■ Task details: An exact transcription of all the data is required, with every image removed.

■ Raw data:
* * * * *

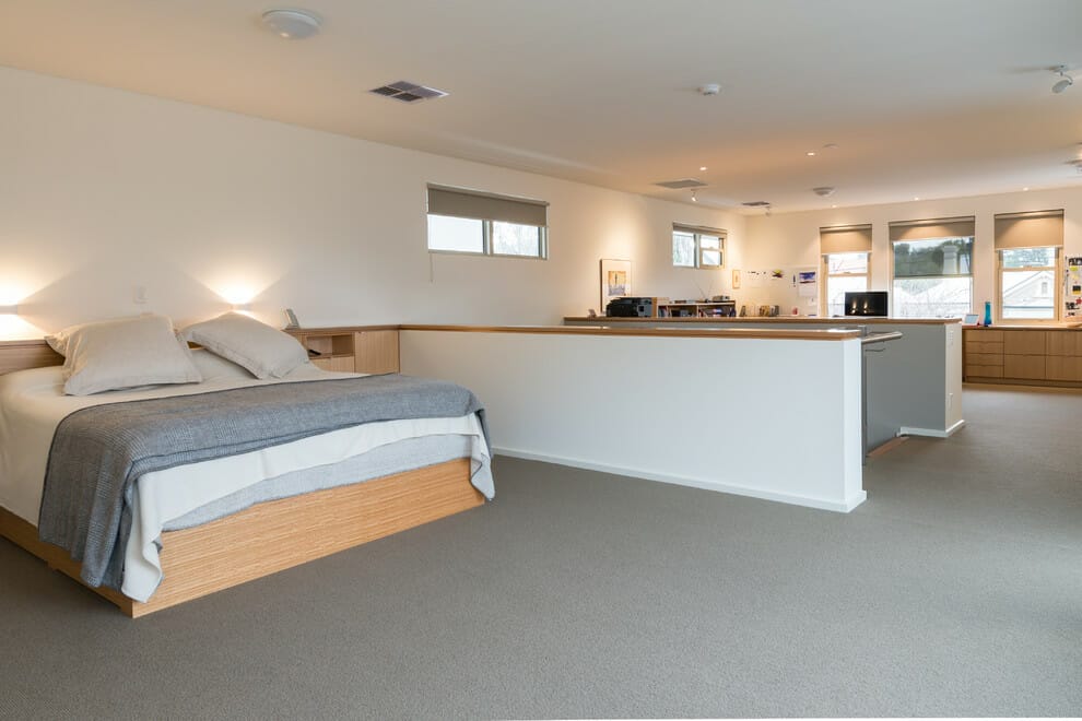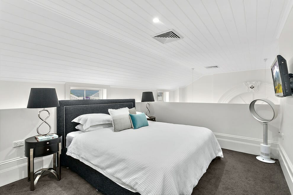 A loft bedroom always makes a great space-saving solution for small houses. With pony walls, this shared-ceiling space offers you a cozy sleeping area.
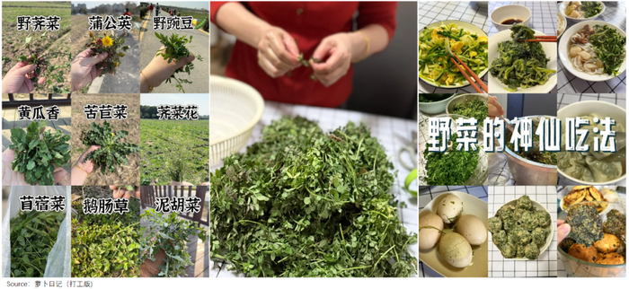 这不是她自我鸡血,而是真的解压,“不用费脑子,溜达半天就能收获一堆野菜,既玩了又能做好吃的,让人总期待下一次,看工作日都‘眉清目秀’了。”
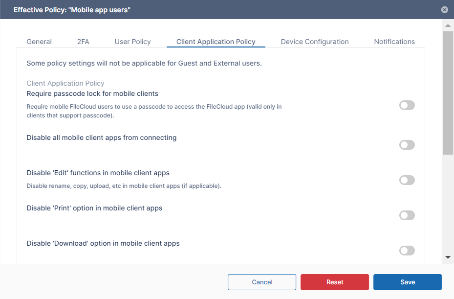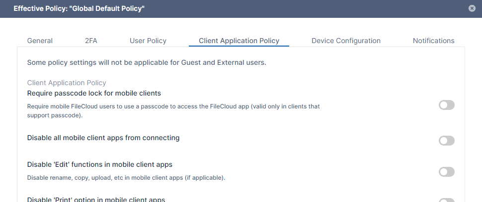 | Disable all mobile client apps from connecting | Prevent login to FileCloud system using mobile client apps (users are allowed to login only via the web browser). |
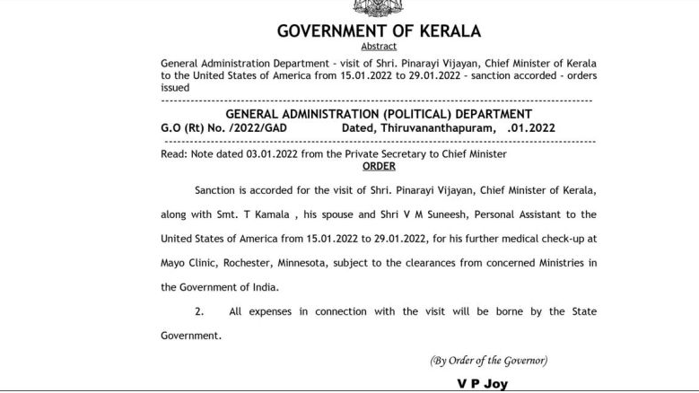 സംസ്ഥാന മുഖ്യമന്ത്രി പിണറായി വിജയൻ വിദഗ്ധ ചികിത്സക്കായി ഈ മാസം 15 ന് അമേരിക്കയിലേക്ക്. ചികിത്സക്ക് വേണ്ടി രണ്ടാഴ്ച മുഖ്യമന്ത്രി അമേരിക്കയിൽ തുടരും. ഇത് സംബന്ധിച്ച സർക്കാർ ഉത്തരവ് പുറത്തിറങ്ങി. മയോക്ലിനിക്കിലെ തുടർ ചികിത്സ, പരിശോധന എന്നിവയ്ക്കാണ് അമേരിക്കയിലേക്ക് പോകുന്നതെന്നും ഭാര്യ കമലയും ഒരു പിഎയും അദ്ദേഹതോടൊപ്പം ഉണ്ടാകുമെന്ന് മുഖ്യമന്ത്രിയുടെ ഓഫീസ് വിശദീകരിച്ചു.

* * * * *

■ Task output:
 A loft bedroom always makes a great space-saving solution for small houses. With pony walls, this shared-ceiling space offers you a cozy sleeping area.
 这不是她自我鸡血,而是真的解压,“不用费脑子,溜达半天就能收获一堆野菜,既玩了又能做好吃的,让人总期待下一次,看工作日都‘眉清目秀’了。”
 | Disable all mobile client apps from connecting | Prevent login to FileCloud system using mobile client apps (users are allowed to login only via the web browser). |
 സംസ്ഥാന മുഖ്യമന്ത്രി പിണറായി വിജയൻ വിദഗ്ധ ചികിത്സക്കായി ഈ മാസം 15 ന് അമേരിക്കയിലേക്ക്. ചികിത്സക്ക് വേണ്ടി രണ്ടാഴ്ച മുഖ്യമന്ത്രി അമേരിക്കയിൽ തുടരും. ഇത് സംബന്ധിച്ച സർക്കാർ ഉത്തരവ് പുറത്തിറങ്ങി. മയോക്ലിനിക്കിലെ തുടർ ചികിത്സ, പരിശോധന എന്നിവയ്ക്കാണ് അമേരിക്കയിലേക്ക് പോകുന്നതെന്നും ഭാര്യ കമലയും ഒരു പിഎയും അദ്ദേഹതോടൊപ്പം ഉണ്ടാകുമെന്ന് മുഖ്യമന്ത്രിയുടെ ഓഫീസ് വിശദീകരിച്ചു.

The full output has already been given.